Season with salt, pepper and nutmeg to taste.
Fill a pastry bag with the mixture and let rest.
Prepare the truffle mousse. Chop finely the onion and garlic and sauté in a frying pan with olive oil and half of the salted butter. Add the white wine and reduce to half.
Add the chicken stock and the cream at the same time and simmer for 10 minutes.
Add some drops of truffle oil to taste and the butter in the end. Filter.
Fill the Cannelloni with the mixture previously set to rest in the pastry bag.

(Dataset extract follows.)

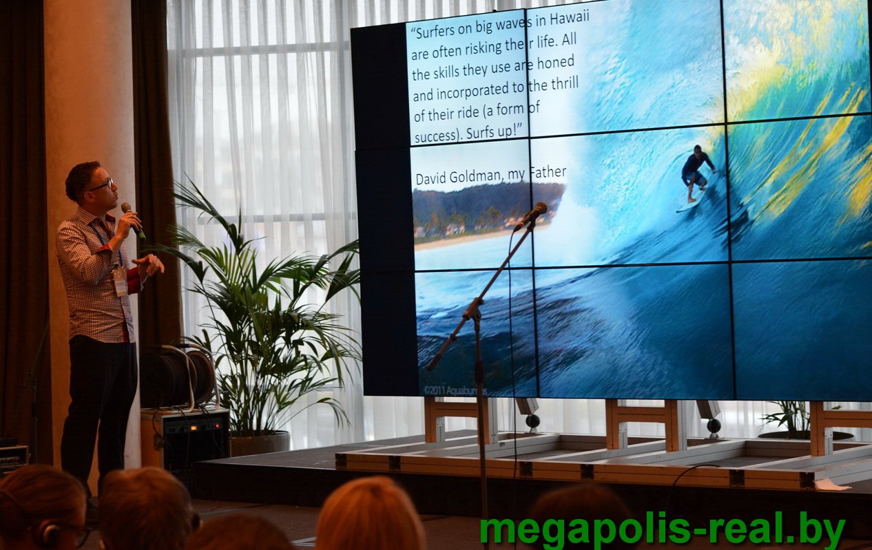 Итак, обратимся за вдохновением к первому дню. После официального открытия на сцену пригласили первого спикера c четырёхлетним опытом работы в «НАСА» – Майкла Голдмана, который выступил перед публикой с невероятно эмоциональным и душевным докладом «How to win in jobs, relationships and parenthood: my 39 year journey to living life grounded, happy, inspired and successful». Порой даже микрофон не выдерживал такого громкого во всех смыслах выступления.

Grease the bottom of a perforated baking sheet with melted butter. Set the filled Cannelloni inside and brush the top with butter.
Steam for 8 minutes in a steamer or a bamboo steam basket.??
Serve immediately in a hot plate.
Plate the Cannelloni as you like and decorate with the broad beans, the mousse and more truffle oil.
If you have a syphon, you can use it to make a light mousse with part of the truffle scented sauce. Some of the broad beans, with the skin still on, can be dried at 55°C/ 131° F for at least one hour. When ready, you can powder the broad beans as decoration on the plate, as in the photo.